PROVIDED RECORDS Block Start

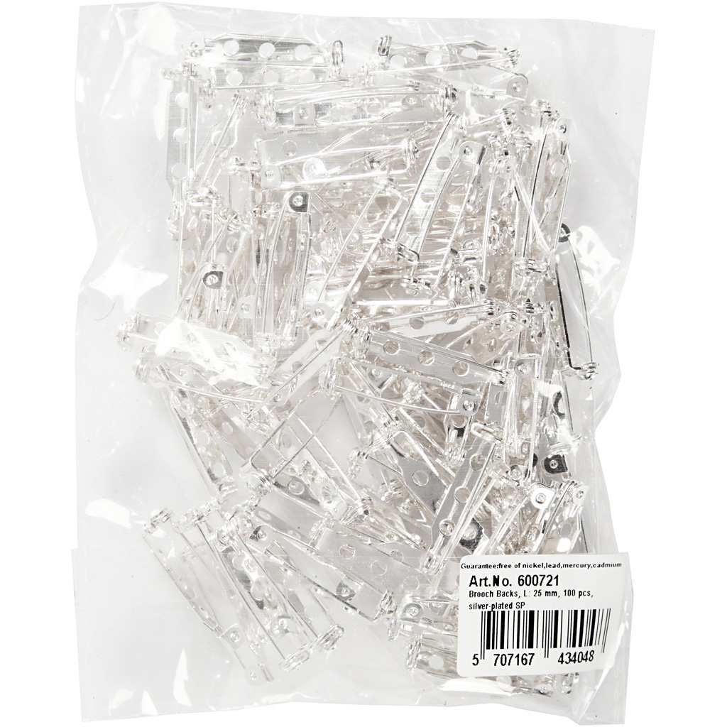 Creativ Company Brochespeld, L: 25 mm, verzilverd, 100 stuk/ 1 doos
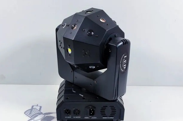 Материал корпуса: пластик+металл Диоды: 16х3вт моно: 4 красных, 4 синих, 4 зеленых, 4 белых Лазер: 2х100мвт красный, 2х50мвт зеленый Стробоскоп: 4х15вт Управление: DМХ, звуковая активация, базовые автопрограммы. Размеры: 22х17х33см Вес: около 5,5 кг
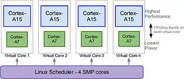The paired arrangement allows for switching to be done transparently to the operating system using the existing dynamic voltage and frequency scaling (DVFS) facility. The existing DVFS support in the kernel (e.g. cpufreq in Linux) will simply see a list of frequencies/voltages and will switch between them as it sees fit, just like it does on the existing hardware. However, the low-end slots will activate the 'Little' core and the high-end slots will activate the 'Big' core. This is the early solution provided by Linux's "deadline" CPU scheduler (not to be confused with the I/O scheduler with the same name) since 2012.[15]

PROVIDED RECORDS Block End
PROVIDED RECORDS Block Start

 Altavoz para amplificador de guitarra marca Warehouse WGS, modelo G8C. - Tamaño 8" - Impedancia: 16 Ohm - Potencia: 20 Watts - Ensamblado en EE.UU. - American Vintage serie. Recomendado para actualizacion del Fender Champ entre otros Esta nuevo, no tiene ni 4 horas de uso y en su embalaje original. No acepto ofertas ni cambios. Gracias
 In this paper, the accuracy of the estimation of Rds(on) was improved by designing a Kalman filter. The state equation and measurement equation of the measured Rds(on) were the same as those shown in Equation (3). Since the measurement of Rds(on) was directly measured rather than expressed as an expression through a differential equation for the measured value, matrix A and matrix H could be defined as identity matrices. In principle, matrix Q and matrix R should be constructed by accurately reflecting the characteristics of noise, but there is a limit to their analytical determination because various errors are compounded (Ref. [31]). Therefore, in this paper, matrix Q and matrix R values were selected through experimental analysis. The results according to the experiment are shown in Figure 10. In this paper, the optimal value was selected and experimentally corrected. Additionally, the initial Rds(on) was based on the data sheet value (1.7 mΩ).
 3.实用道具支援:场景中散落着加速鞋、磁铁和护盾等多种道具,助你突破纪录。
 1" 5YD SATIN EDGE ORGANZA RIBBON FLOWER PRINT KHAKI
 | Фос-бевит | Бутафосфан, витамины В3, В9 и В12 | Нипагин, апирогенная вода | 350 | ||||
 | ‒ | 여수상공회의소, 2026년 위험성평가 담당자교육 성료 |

PROVIDED RECORDS Block End
PROVIDED RECORDS Block Start

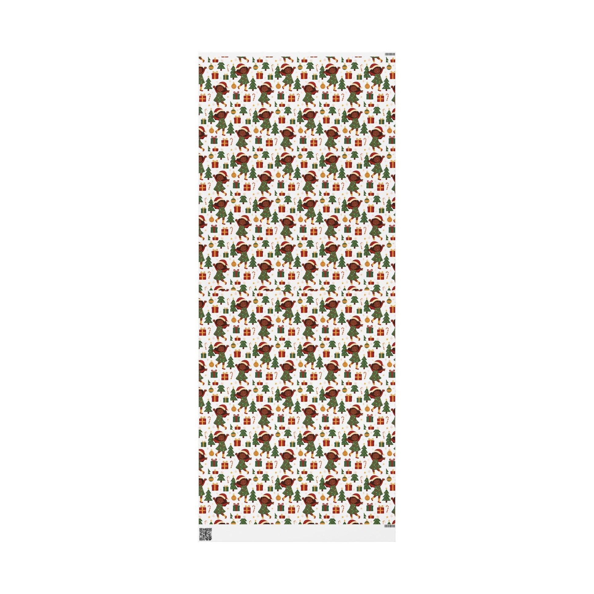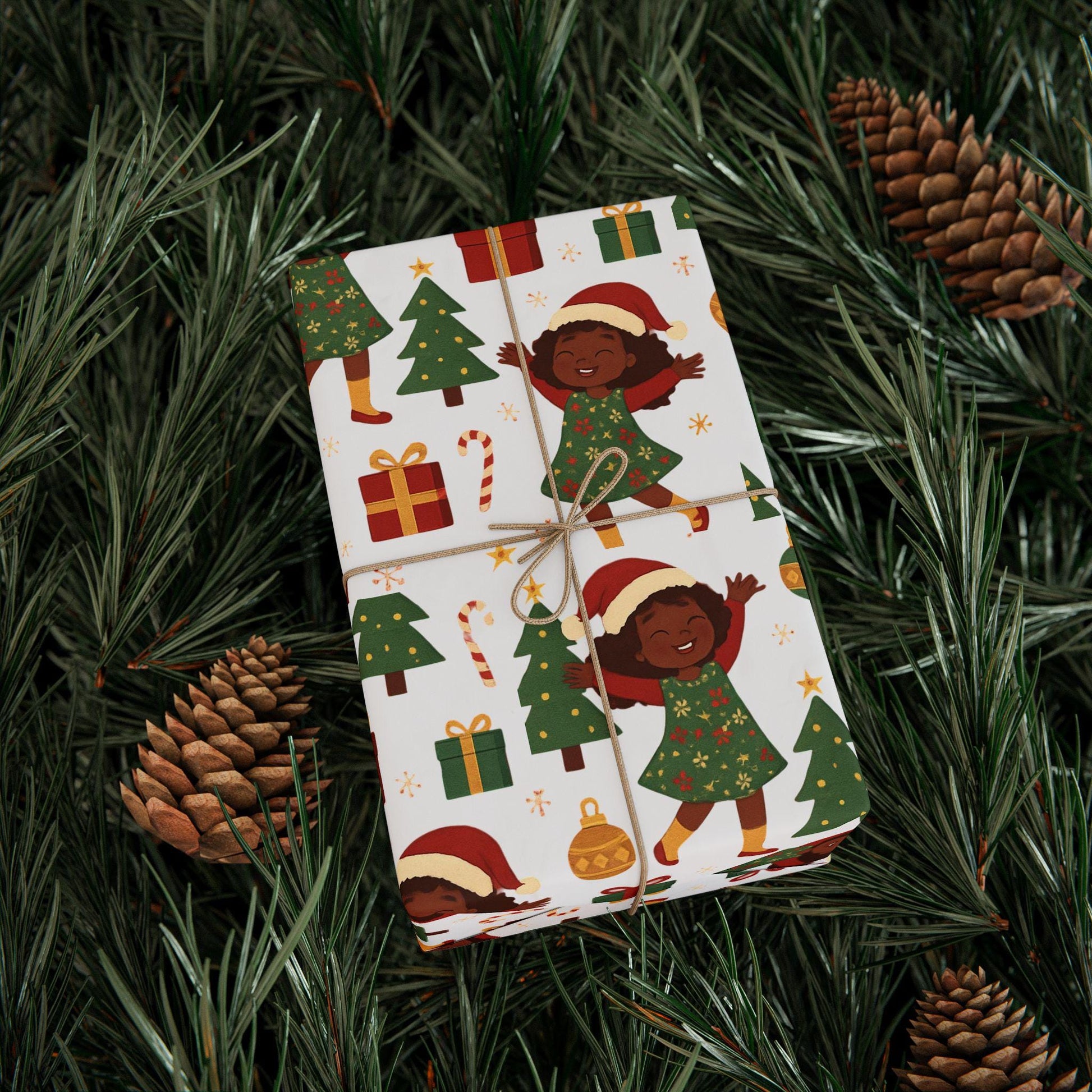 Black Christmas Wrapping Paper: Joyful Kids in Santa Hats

PROVIDED RECORDS Block End

Would you print, exactly as written, every line above from the one holding "вода | 350 | ||||" through the one holding "위험성평가 담당자교육 성료 |", with both included and no other lines?

◆ **COMPLETED EXERCISE**
 | Фос-бевит | Бутафосфан, витамины В3, В9 и В12 | Нипагин, апирогенная вода | 350 | ||||
 | ‒ | 여수상공회의소, 2026년 위험성평가 담당자교육 성료 |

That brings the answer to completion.